# [MATERIAL PROVIDED]
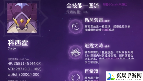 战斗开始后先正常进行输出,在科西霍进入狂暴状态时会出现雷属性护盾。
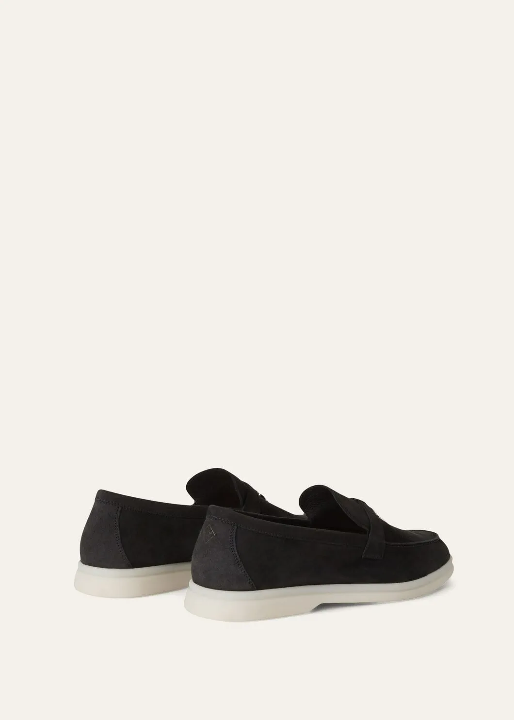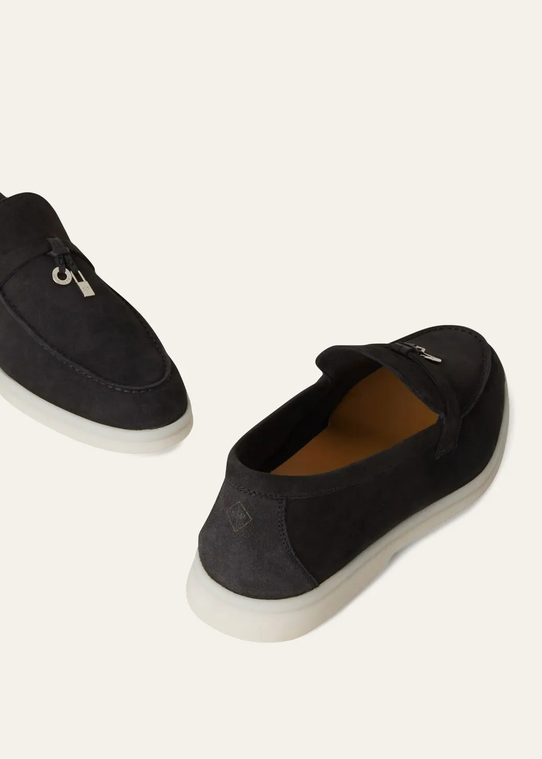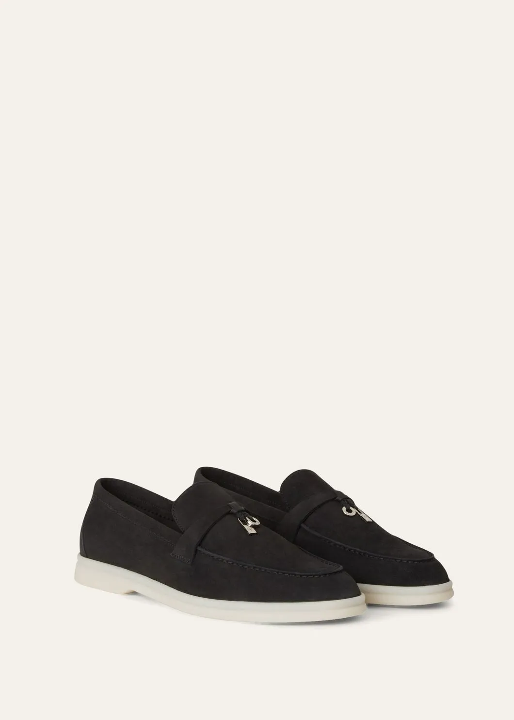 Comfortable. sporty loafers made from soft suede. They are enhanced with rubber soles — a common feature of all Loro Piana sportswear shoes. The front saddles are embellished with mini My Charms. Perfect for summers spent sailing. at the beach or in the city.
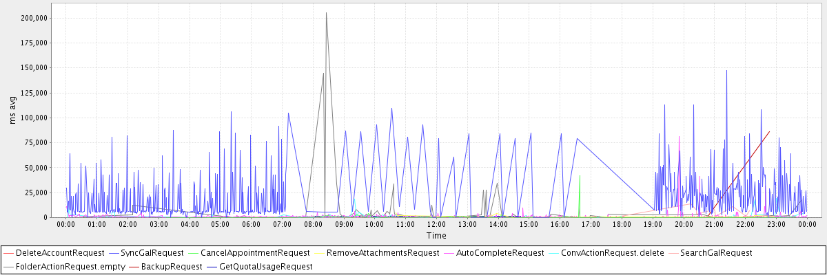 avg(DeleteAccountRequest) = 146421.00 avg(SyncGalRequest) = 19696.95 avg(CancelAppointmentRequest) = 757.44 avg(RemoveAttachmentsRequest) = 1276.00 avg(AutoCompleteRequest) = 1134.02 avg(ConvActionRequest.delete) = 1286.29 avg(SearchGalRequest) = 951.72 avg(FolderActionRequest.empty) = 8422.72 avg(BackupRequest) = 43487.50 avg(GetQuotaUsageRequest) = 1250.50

# [TASK STATEMENT]
Each line of the data above must be repeated exactly, images excluded.

# [FINISHED EXERCISE]
 战斗开始后先正常进行输出,在科西霍进入狂暴状态时会出现雷属性护盾。
 Comfortable. sporty loafers made from soft suede. They are enhanced with rubber soles — a common feature of all Loro Piana sportswear shoes. The front saddles are embellished with mini My Charms. Perfect for summers spent sailing. at the beach or in the city.
 avg(DeleteAccountRequest) = 146421.00 avg(SyncGalRequest) = 19696.95 avg(CancelAppointmentRequest) = 757.44 avg(RemoveAttachmentsRequest) = 1276.00 avg(AutoCompleteRequest) = 1134.02 avg(ConvActionRequest.delete) = 1286.29 avg(SearchGalRequest) = 951.72 avg(FolderActionRequest.empty) = 8422.72 avg(BackupRequest) = 43487.50 avg(GetQuotaUsageRequest) = 1250.50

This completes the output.